Speaking to several thousand US and global executives at the Biotechnology Industry Organization’s annual convention in Boston, Paulson said he should have made it clear that the bailout was intended to stabilize the financial system and prevent a collapse that would have hurt ordinary Americans.

“What I never was able to make the public understand was that the rescues weren’t for the banks, they were for the public,” Paulson said. “Every rescue, every bailout we did, I have no regrets because it was better than the alternative.... The money we put out, it prevented a collapse.”
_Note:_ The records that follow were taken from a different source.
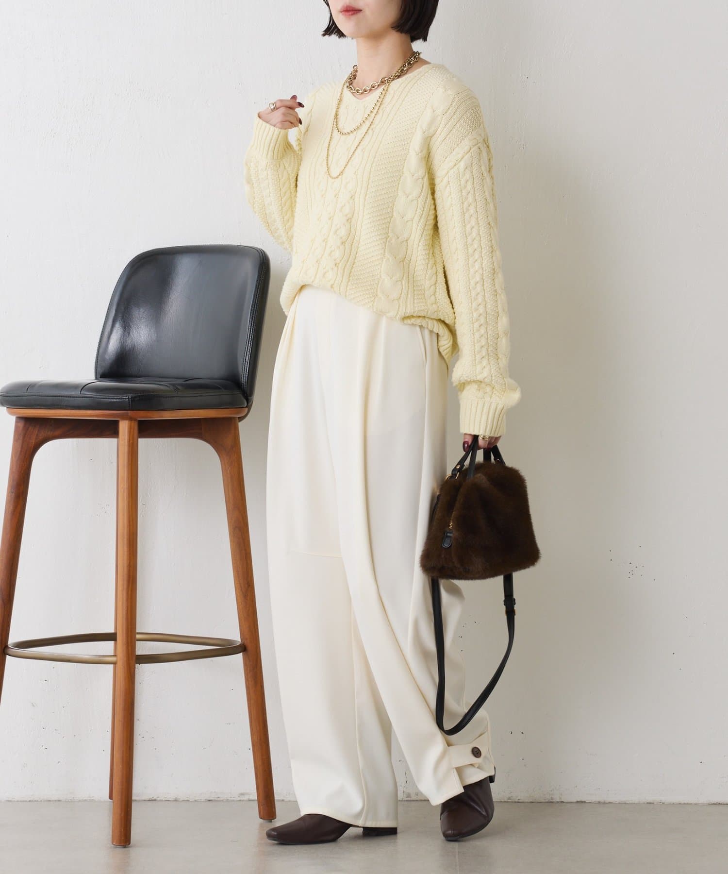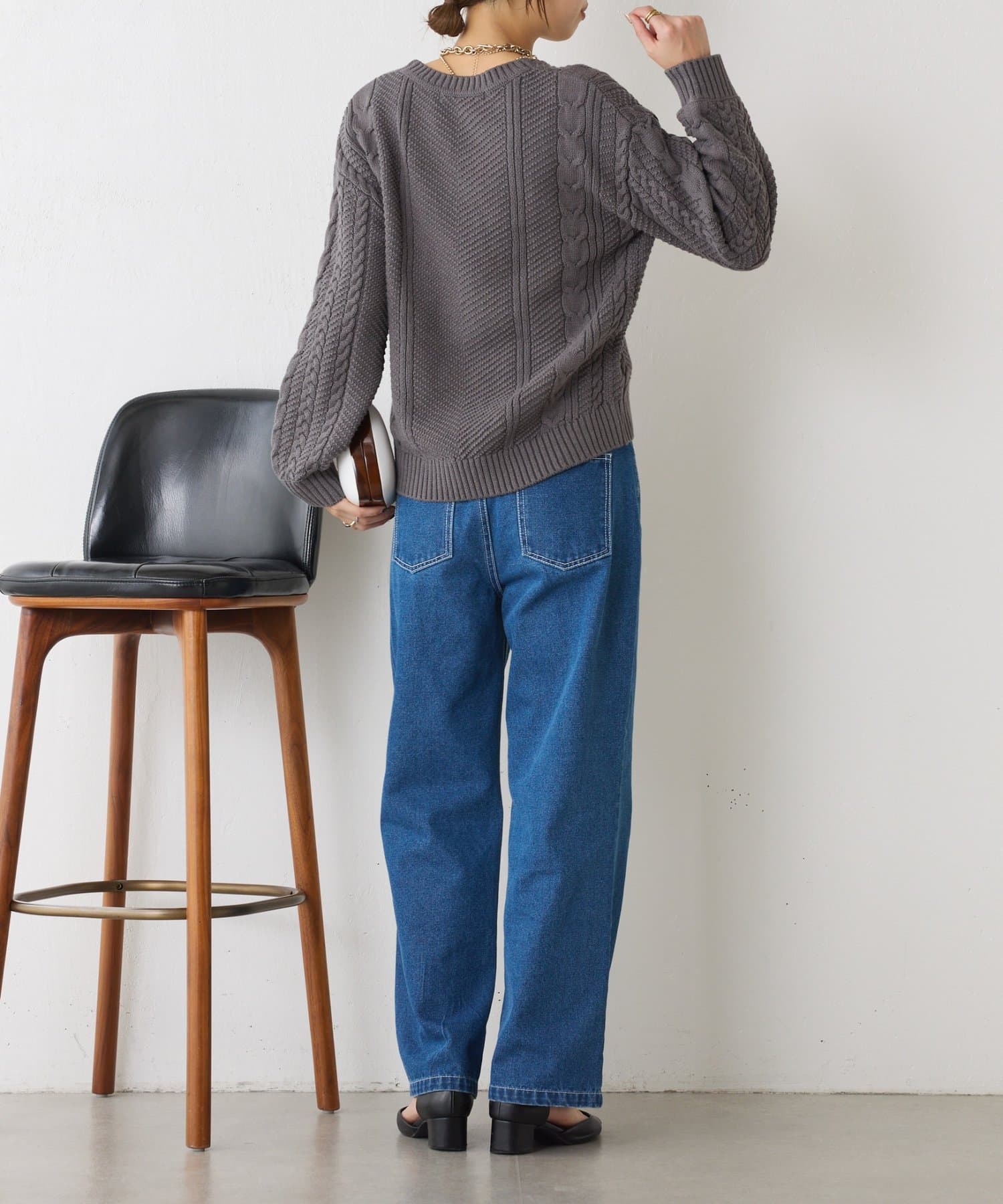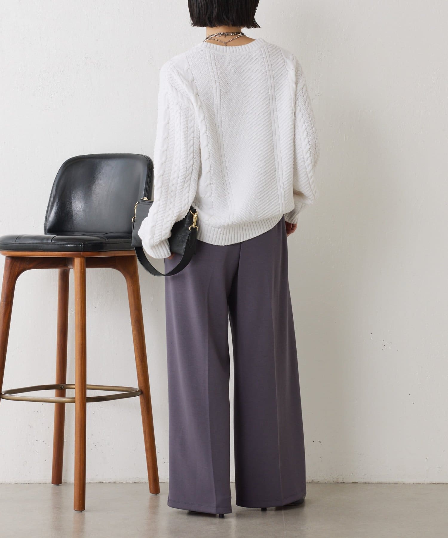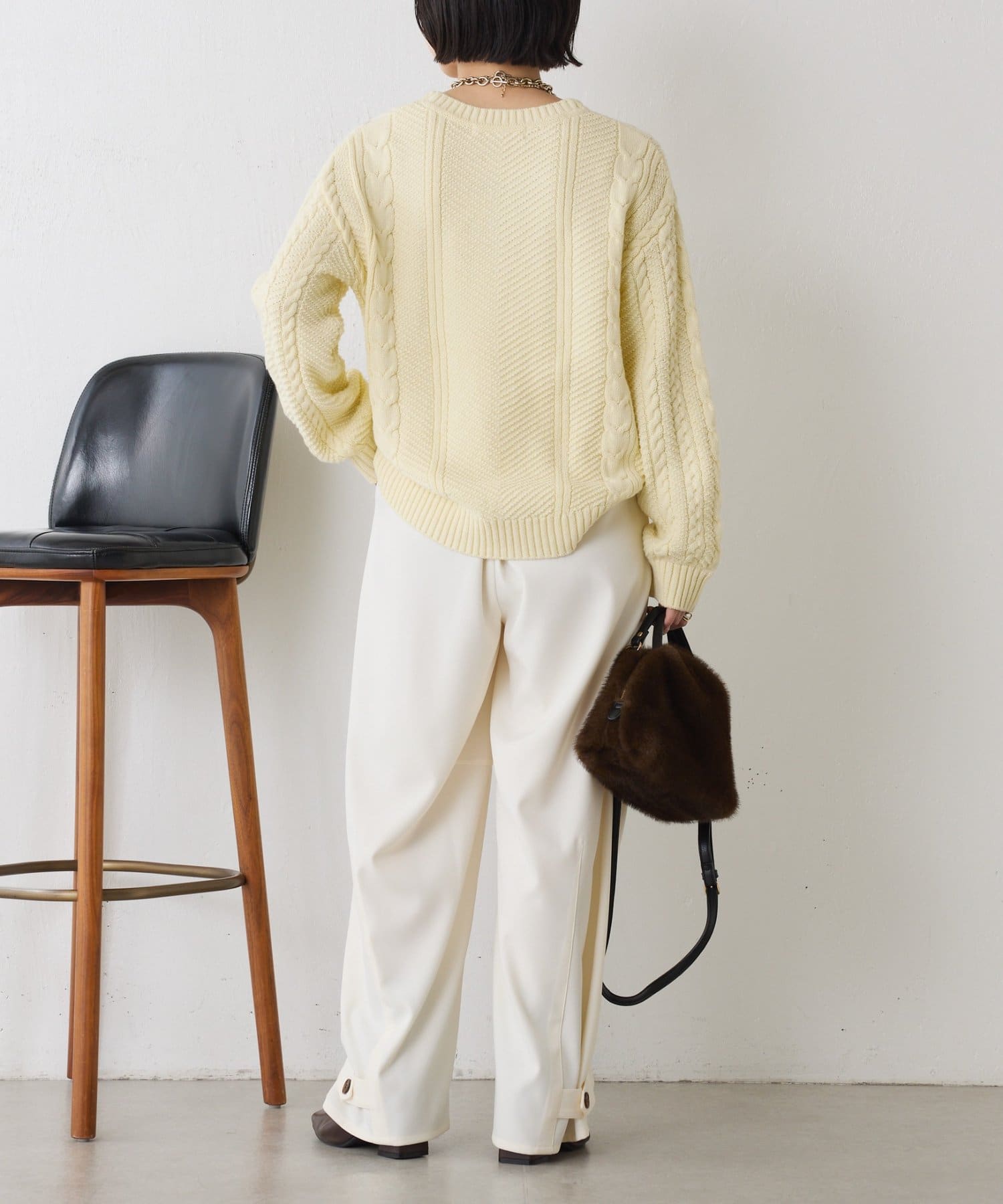 ・クラシックなケーブル編みで立体感のある編地がこなれ感を演出。
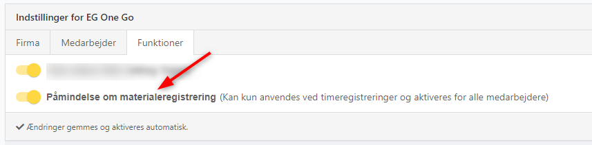 Du kan nu vælge at alle dine medarbejdere skal have en påmindelse om materialeregistrering, umiddelbart efter de har gemt en dagsregistrering af arbejdstid.
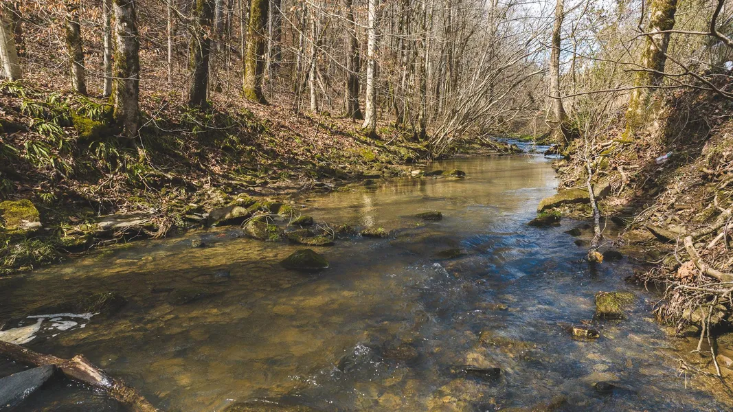 As you venture onto the property, you'll be greeted by the tranquil sounds of a babbling creek meandering through the lush forest. With approximately three thousand feet of road frontage, access to this natural haven is as convenient as enchanting.
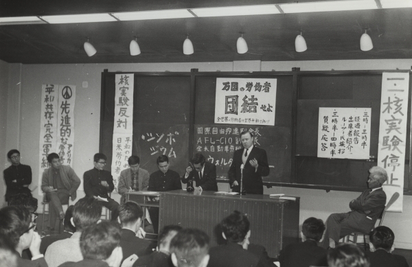 Walter Reuther speaking to an audience while visiting Japan. November, 1962
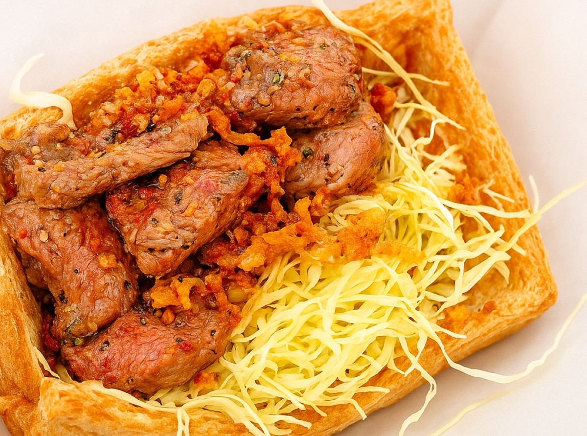 2024年「福岡肉-1グランプリ」優勝店。厳選牛肩ロースを使った大人気商品「特選牛ステーキサンド」(800円)などが提供されます。
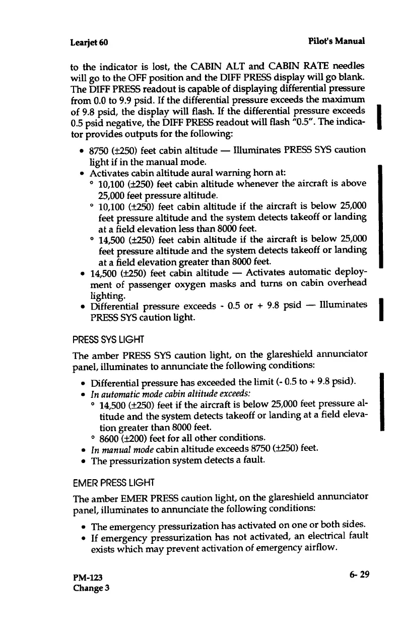 Learjet 60 - EMER PRESS Light; PRESS SYS Light
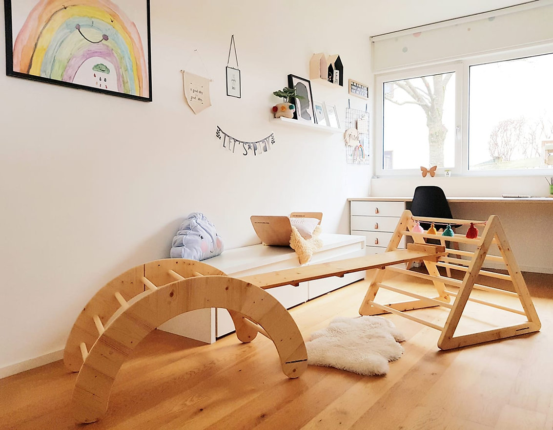 Sobald dein Kind krabbeln kann, kannst du ihm das Sprossendreieck (auch in Kombination mit einem Rutschbrett) anbieten.
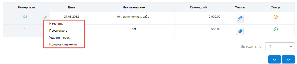 Для редактирования актов выполненных работ выберите пункт контекстного меню Изменить акта в статусе Не размещено (проект).
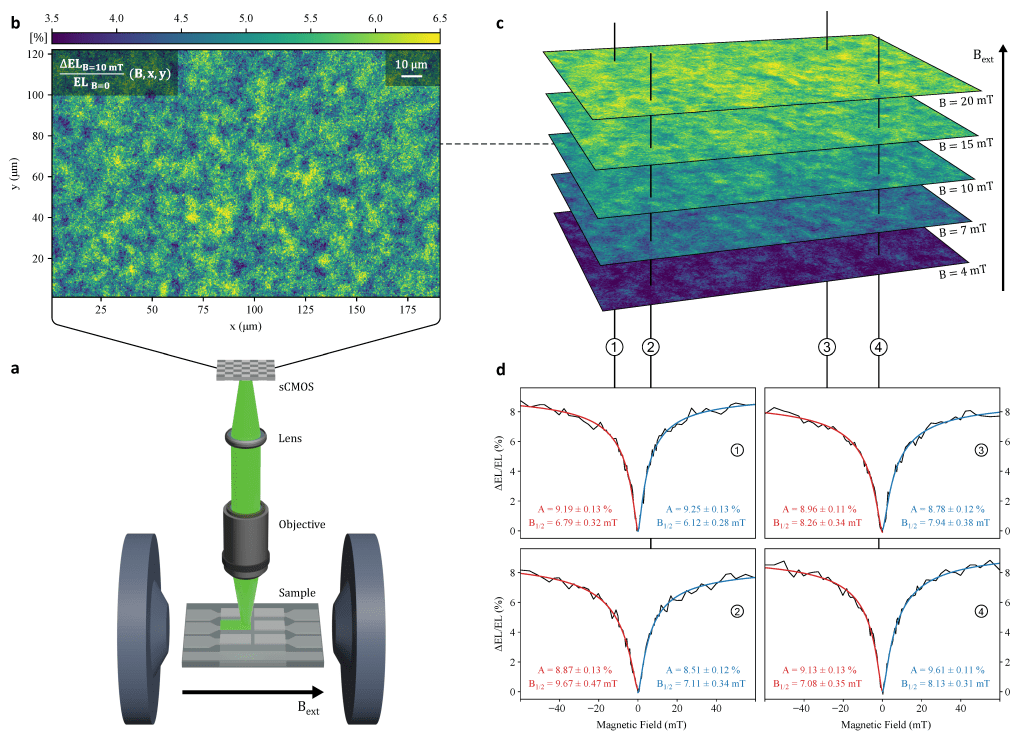 The team, based at UNSW Sydney, were able to achieve this by imaging the microscopic changes in an OLED’s magnetically-enhanced brightness through the use of large magnetic fields, an effect known as magneto-electroluminescence.

Paulson appeared on a podium for a post-luncheon conversation with another former treasury secretary Robert Rubin, who led US bailout efforts aimed at propping up the Mexican and Asian economies during the Clinton Administration. Both said decisive political action is needed in Europe and the United States soon to prevent a new financial meltdown.

Rubin said the United States, the European Union, and Japan all face unsustainable levels of debt.

“All three of these, roughly speaking, have the same problems,” he said. “They have unsound, unsustainable, and deeply dangerous fiscal situations. In each of these major regions, the problem has been kicked down the road rather than addressed.”

The debt crisis in Europe, in particular, has the potential to drag down the US economy, the former treasury secretaries warned.

“I’m not optimistic in the short term on Europe,” said Paulson. “One of the problems we have in Western democracies is voters wanting things they don’t want to pay for.”

Addressing the strains in the US economy, he said, “The likely case is, although Europe is a drag, the US economy will continue to muddle along, but at a pace that doesn’t make a dent in unemployment.”